Sent from Petguide.com Free App


----------



## janababy (Jan 2, 2012)

Ohhhhhhh Flynn, trying your hand at decorating? You can't stay mad at that adorable face!!!!


----------



## ang.suds (Apr 1, 2014)

This kinda cracked me up bc he is soooo darn cute!!!!!!


----------



## RYAC (Mar 10, 2014)

Ridiculously cute! I would just laugh if that happened because I couldn't get mad with him staring at me like that.

Sorry if he ruined anything, does your cage have a straight latch or one with an L shaped hook at the end? If mine didn't have two latched with the hooks, Lucy would have already escaped.


----------



## Goldens R Great (Aug 19, 2010)

Wow, is he cute or what! 

I'm sorry about the mess, but it sounds like you have a good attitude about it! My first pup escaped from her crate a few times. All she ever did was go potty right by her crate and then...eat it. :yuck: Fortunately Flynn didn't do that! :


----------



## Flynn'sMommy (Apr 7, 2014)

Glad everyone got a kick out of my little "decorator". My reaction upon seeing the result was to just laugh for about 5-10 min! I just couldn't get the image of him running around free all proud of himself out of my head. 

His crate actually doesn't have slide latches at all, the whole door lifts slightly and settles into hooks and there's a latch at the top to prevent him from lifting the door off the hooks himself.

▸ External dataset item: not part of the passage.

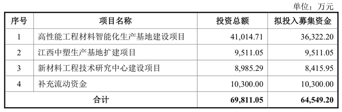 本次IPO,中塑股份计划募集资金总额6.45亿元,拟投向三个实体项目及补充流动资金。具体包括:“高性能工程材料智能化生产基地建设项目”(投资额3.63亿元)、“江西中塑生产基地扩建项目”(投资额9511.05万元)、“新材料工程技术研究中心建设项目”(投资额8415.95万元),以及补充流动资金1.03亿元。
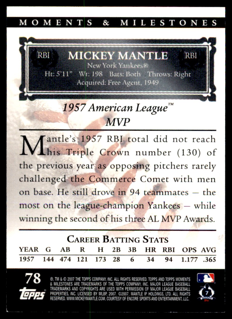 | 2007 Topps Moments & Milestones Mickey Mantle 040/150 New York Yankees #78 | ||||||||||||||||||

Best guess is that that latch wasn't secured properly...

And thanks everyone, I think he is pretty darn cute but I'm a little biased ?


Sent from Petguide.com Free App


----------



## Shellbug (Nov 14, 2013)

Lol silly dog 


Sent from Petguide.com Free App


----------



## loraliromance (May 7, 2014)

Should rename him Tasmanian Devil, haha.


----------